I've had a go at taking the org tables and R thing a bit further. I'm
using two different #+ lines in the org buffer: Lines starting with
#+TBLR: are in the standard org style (option:value) and can be used
to specify certain transformations of the table and standard plots of
the table data. In lines starting #+TBLR:: you can supply literal R
code, giving you full control over what you do with the table. M-x
org-table-R-apply makes happen whatever has been specified in those
lines. As long as the transformation results in something reasonably
one- or two-dimensional, then this is output to the org-buffer as an
org table (you can choose whether or not it replaces the original
table). You need to have R running in an inferior-ess-mode
buffer.
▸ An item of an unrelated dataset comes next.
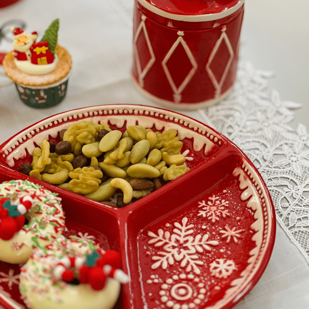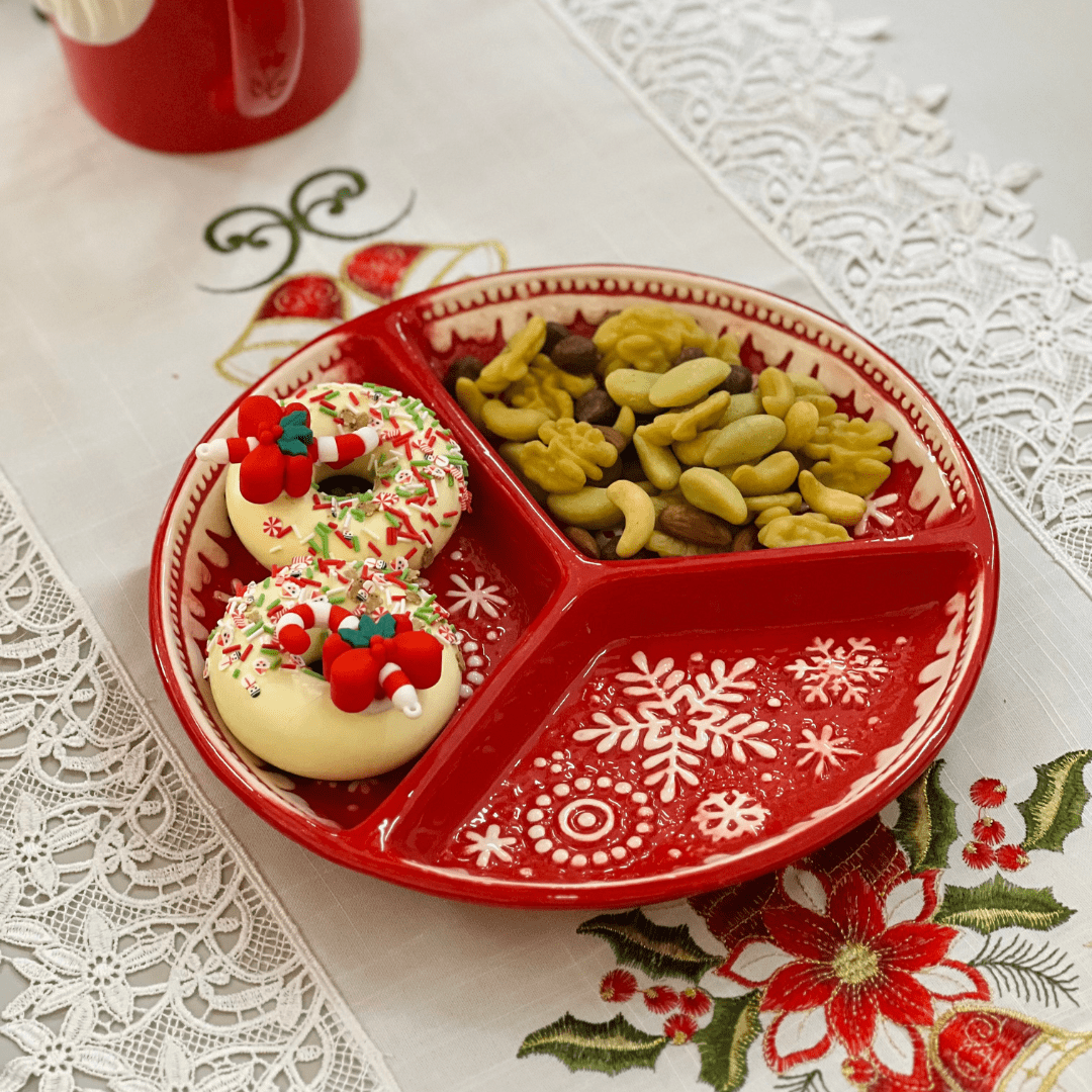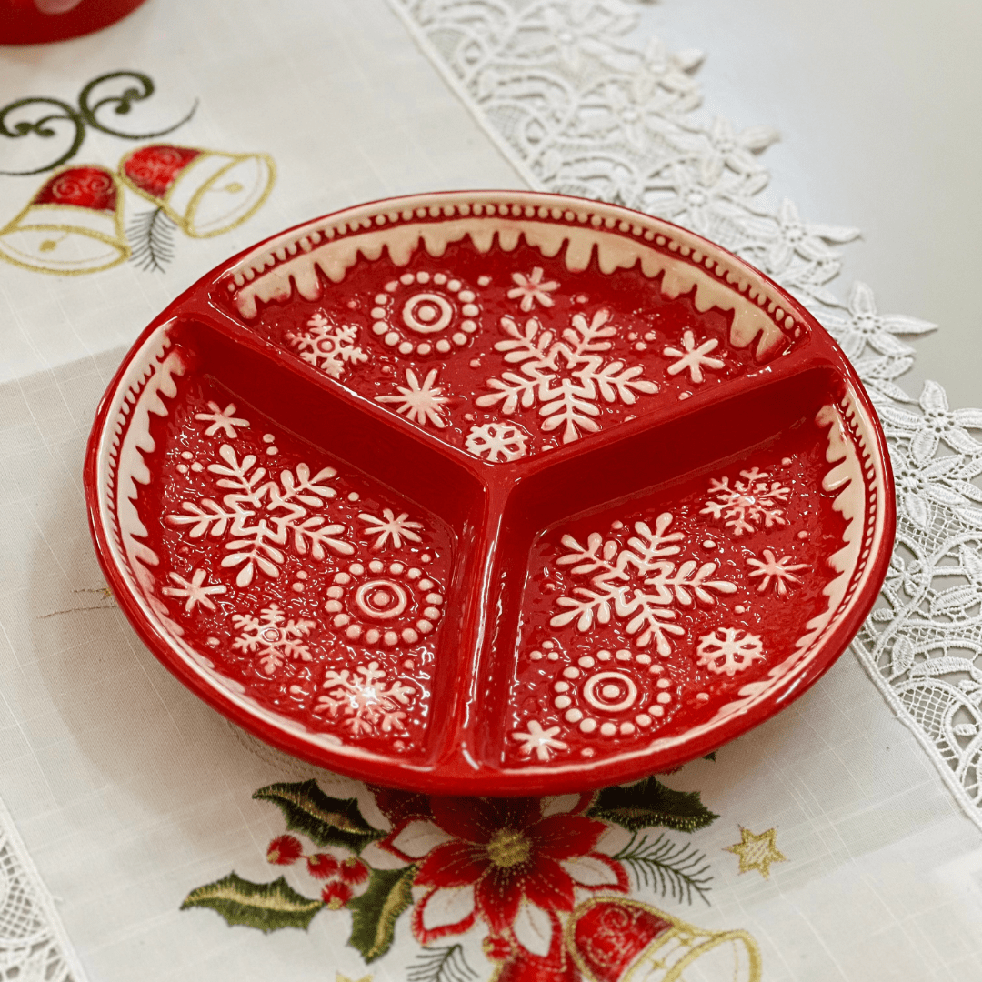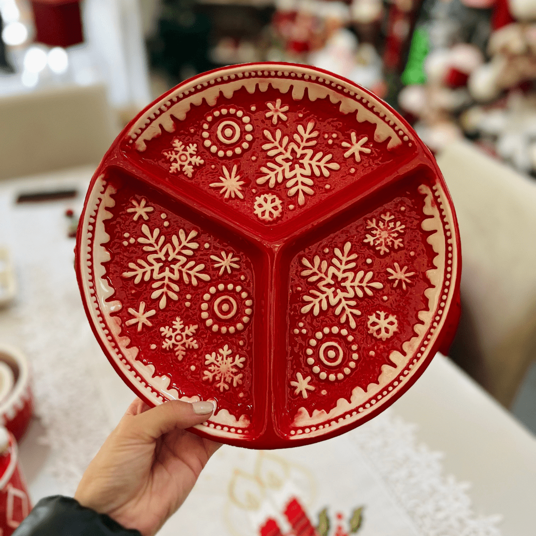 Sirva seus petiscos com estilo neste Natal usando a Petisqueira Natalina Floco de Neve. Com design delicado e 3 divisórias, ela é ideal para compor a mesa de ceia ou lanches festivos, adicionando charme e elegância à decoração natalina.

Then, if you have this table,

| rowname | col1 | col2 |
|---------+------+------|
| row 1   |    1 |    2 |
| row 2   |    3 |    4 |
| total   |      |      |
#+TBLR:: x[3,] <- x[1,] + x[2,]
#+TBLR: rownames:1

org-table-R-apply turns it into 

| rownames(x) | col1 | col2 |
|-------------+------+------|
| row 1       |    1 |    2 |
| row 2       |    3 |    4 |
| total       |    4 |    6 |

The action:<something> option specifies off-the-shelf actions, without
having to write any R code. E.g.

| col1 | col2 |
|------+------|
|    1 |    2 |
|    3 |    4 |
#+TBLR: action:transpose

produces

|      | V1 | V2 |
|------+----+----|
| col1 |  1 |  3 |
| col2 |  2 |  4 |

and

#+TBLR: action:plot columns:((1)(2)) lines:t rownames:1

would plot column 2 against column 1.

You can mix user-code and off-the-shelf code: in this somewhat
solipsistic example user-supplied code is used to extract the day of
week, and then action:tabulate is used to build a 2-way table:

| author              | date                            |
|---------------------+---------------------------------|
| Carsten Dominik     | Thu, 12 Jun 2008 12:51:54 +0200 |
| Carsten Dominik     | Wed, 11 Jun 2008 08:57:39 +0200 |
| Adam Spiers         | Wed, 11 Jun 2008 12:06:23 +0100 |
| Eddward DeVilla     | Wed, 11 Jun 2008 12:15:11 -0500 |
| Eddward DeVilla     | Wed, 11 Jun 2008 20:09:50 -0500 |
| Harri Kiiskinen     | Wed, 04 Jun 2008 16:38:37 +0200 |
| Carsten Dominik     | Thu, 12 Jun 2008 14:15:49 +0200 |
| Harri Kiiskinen     | Thu, 12 Jun 2008 14:31:49 +0200 |
| Carsten Dominik     | Thu, 12 Jun 2008 16:17:59 +0200 |
| Manoj Srivastava    | Mon, 09 Jun 2008 01:52:03 -0500 |
| Daniel Clemente     | Wed, 04 Jun 2008 16:35:01 +0200 |
| Carsten Dominik     | Mon, 9 Jun 2008 09:56:09 +0200  |
| Carsten Dominik     | Tue, 10 Jun 2008 10:05:24 +0200 |
| Adam Spiers         | Tue, 10 Jun 2008 10:57:52 +0100 |
| Manuel Hermenegildo | Tue, 10 Jun 2008 13:50:44 +0200 |
| Christian Egli      | Tue, 24 Jun 2008 13:27:05 +0200 |
#+TBLR: columns:(1 2) action:tabulate
#+TBLR:: x[,2] <- substr(x[,2], 1, 3)

results in

|                     | Mon | Thu | Tue | Wed |
|---------------------+-----+-----+-----+-----|
| Adam Spiers         |   0 |   0 |   1 |   1 |
| Carsten Dominik     |   1 |   3 |   1 |   1 |
| Christian Egli      |   0 |   0 |   1 |   0 |
| Daniel Clemente     |   0 |   0 |   0 |   1 |
| Eddward DeVilla     |   0 |   0 |   0 |   2 |
| Harri Kiiskinen     |   0 |   1 |   0 |   1 |
| Manoj Srivastava    |   1 |   0 |   0 |   0 |
| Manuel Hermenegildo |   0 |   0 |   1 |   0 |
#+TBLR: action:barplot rownames:1 columns:(1 2 3 4) showcode:t

The #+TBLR: line below that produces a bar plot of the data.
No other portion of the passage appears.